Matrizes G são muito difíceis de serem obtidas empiricamente. Estimar correlações e covariâncias genéticas com confiabilidade razoável requer um número grande (centenas ou mesmo milhares) de indivíduos aparentados e com genealogia conhecida, sendo complicada de ser obtida mesmo em organismos modelo (Steppan et al. 2002, McGuigan 2006). Há uma série de estudos que demonstram a similaridade entre matrizes G e sua contraparte fenotípica (P) (Arnold 1981, Cheverud 1988, Steppan 1997, Arnold & Phillips 1999, Marroig & Cheverud 2001, Oliveira et al. 2009, Porto et al. 2009). É possível, portanto, utilizar matrizes de covariância fenotípicas em substituição às matrizes G. A vantagem é que Padrões de covariância e correlação fenotípicos são mais facilmente obtidos, por necessitarem de amostras menores, cujas genealogias não precisam ser conhecidas (Cheverud 1988).

Deste modo, a fim de testar a similaridade da matriz P ao longo da evolução, selecionei como objeto de estudo os marsupiais da ordem Didelphimorphia. Os marsupiais compreendem um ramo muito interessante dentro dos mamíferos, sendo distinguidos dos demais, principalmente pelo seu modo reprodutivo. Enquanto em mamíferos placentários o investimento materno é dividido entre o estágio intrauterino e o período de lactação, os marsupiais são caracterizados por um curto período de gestação intrauterina. O filhotes nascem em um estágio bem imaturo, e precisam se deslocar até o marsúpio (ou região das tetas), se prender a teta e então sugar o leite. (Smith 1996).

A ordem Didelphimorphia é a mais diversa das ordens de marsupiais encontradas no continente Americano, distribuindo-se desde o extremo sul da América do Sul até o leste do Canadá. A grande maioria das espécies ocupa ambientes florestados, mas há as que ocorrem em áreas mais abertas, incluindo a Caatinga, o Cerrado, o Chaco e habitats montanhosos arbustivos (Gardner 2007). Majoritariamente de hábitos noturnos, podem ser arborícolas, terrestres, escansoriais, fossoriais e até mesmo semi-aquáticos (Gardner 2007).

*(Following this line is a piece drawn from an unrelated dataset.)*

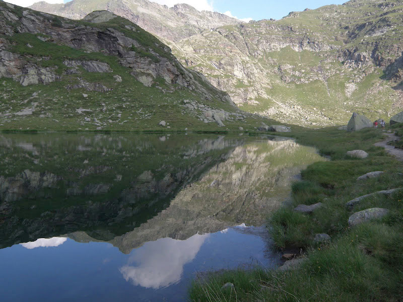 Mittwoch, 25.07.: Ab Oberkaser führte uns der Weg vorbei an der Kaser und Pfitscher Lacke zu den mystischen Schalensteinen, die bezeugen, dass hier vor ca. 6000 Jahren schon Ansiedlungen waren. Nun ging's steiler bergan zur Taufenscharte, 2230 m, dann folgte ein ebenso steiler Abstieg. Ab hier wanderten wir noch ein Stück auf dem Meraner Höhenweg bis zum Hochganghaus, 1839 m.

O objetivo principal deste primeiro capítulo é então testar a similaridade das matrizes fenotípicas da ordem Didelphimorphia, com o intuito de analisar se elas são candidatas à análises futuras de padrões macroevolutivos, foco da genética quantitativa comparativa. Como as magnitudes de integração morfológica nos fornecem informações que complementam as obtidas com as análises dos padrões, calculei estes valores para os gêneros analisados. Avaliei ainda se a história evolutiva ou as distâncias morfológicas estão relacionadas aos padrões e as magnitudes observados.